Jun 15 01:46:50 ip-172-30-1-13 k3s[8118]: {"level":"warn","ts":"2021-06-15T01:46:50.161Z","caller":"grpclog/grpclog.go:60","msg":"grpc: addrConn.createTransport failed to connect to {https://127.0.0.1:2379 <nil> 0 <nil>}. Err :connection error: desc = \"transport: Error while dialing dial tcp 127.0.0.1:2379: connect: connection refused\". Reconnecting..."}
Jun 15 01:46:51 ip-172-30-1-13 k3s[8118]: {"level":"warn","ts":"2021-06-15T01:46:51.162Z","caller":"grpclog/grpclog.go:60","msg":"grpc: addrConn.createTransport failed to connect to {https://127.0.0.1:2379 <nil> 0 <nil>}. Err :connection error: desc = \"transport: Error while dialing dial tcp 127.0.0.1:2379: connect: connection refused\". Reconnecting..."}
Jun 15 01:46:52 ip-172-30-1-13 k3s[8118]: {"level":"warn","ts":"2021-06-15T01:46:52.853Z","caller":"grpclog/grpclog.go:60","msg":"grpc: addrConn.createTransport failed to connect to {https://127.0.0.1:2379 <nil> 0 <nil>}. Err :connection error: desc = \"transport: Error while dialing dial tcp 127.0.0.1:2379: connect: connection refused\". Reconnecting..."}
Jun 15 01:46:54 ip-172-30-1-13 k3s[8118]: {"level":"warn","ts":"2021-06-15T01:46:54.141Z","caller":"grpclog/grpclog.go:60","msg":"grpc: addrConn.createTransport failed to connect to {https://127.0.0.1:2379 <nil> 0 <nil>}. Err :connection error: desc = \"transport: Error while dialing dial tcp 127.0.0.1:2379: connect: connection refused\". Reconnecting..."}
Jun 15 01:46:55 ip-172-30-1-13 k3s[8118]: {"level":"warn","ts":"2021-06-15T01:46:55.141Z","caller":"grpclog/grpclog.go:60","msg":"grpc: addrConn.createTransport failed to connect to {https://127.0.0.1:2379 <nil> 0 <nil>}. Err :connection error: desc = \"transport: Error while dialing dial tcp 127.0.0.1:2379: connect: connection refused\". Reconnecting..."}
Jun 15 01:46:55 ip-172-30-1-13 k3s[8118]: {"level":"warn","ts":"2021-06-15T01:46:55.175Z","caller":"grpclog/grpclog.go:60","msg":"grpc: addrConn.createTransport failed to connect to {https://127.0.0.1:2379 <nil> 0 <nil>}. Err :connection error: desc = \"transport: Error while dialing dial tcp 127.0.0.1:2379: connect: connection refused\". Reconnecting..."}
My Setup -> ubuntu version 18.04 -> trying to setup 3 master nodes. -> all the nodes are reachable from eachother
Here is the group_vars
---
k3s_version: v1.19.5+k3s1
ansible_user: ubuntu
systemd_dir: /etc/systemd/system
apiserver_endpoint: "{{ hostvars[groups['master'][0]]['ansible_host'] | default(groups['master'][0]) }}"
k3s_token: "mysupersecuretoken"
extra_server_args: ""
extra_agent_args: ""


@St0rmingBr4in do I need to add extra arguments for this or setup a seperate etcd server outside the cluster for it to properly work?
@St0rmingBr4in Are there any news/updates?
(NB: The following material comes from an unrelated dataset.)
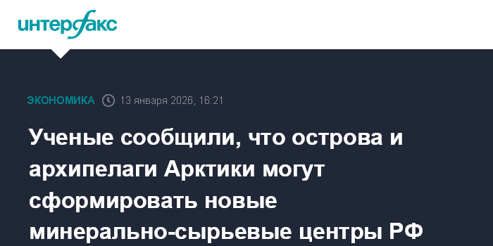 Москва. 13 января. INTERFAX.RU - Острова и архипелаги, расположенные в российской Арктике, могут в ближне- и среднесрочной перспективе сформировать как минимум три новых минерально-сырьевых центра (МСЦ), поскольку они обеспечены значительными ресурсами твердых полезных ископаемых и единой транспортной основой - Северным морским путем.

Also, is the current state of the PR working or is there still some functionality missing?
@TannerGabriel This PR is working on all platforms but centos due to the version of systemd being too old. To make it work for centos we would need to rewrite it in a different way.
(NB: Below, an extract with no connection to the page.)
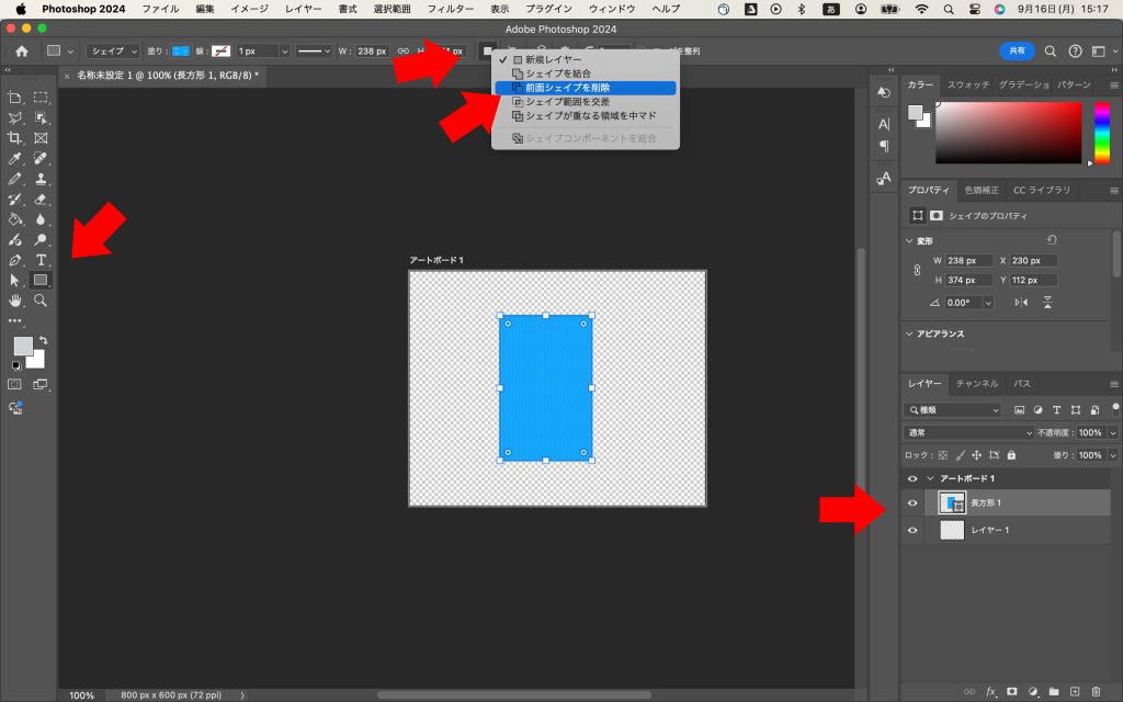 消したいレイヤーを選択している状態で、シェイプツールの中の「三角形ツール」をクリックし、上の□を選択し、「前面シェイプを削除」を押して、

@St0rmingBr4in Thanks. I will probably try it out myself this weekend. Is the centos error the reason why the PR is not getting merged, or are there some other holdups (things that still need to be done)?
@TannerGabriel Yes this is the main blocker.
According to this article, CentOS 7 can now run systemd 231. Has anyone tried this?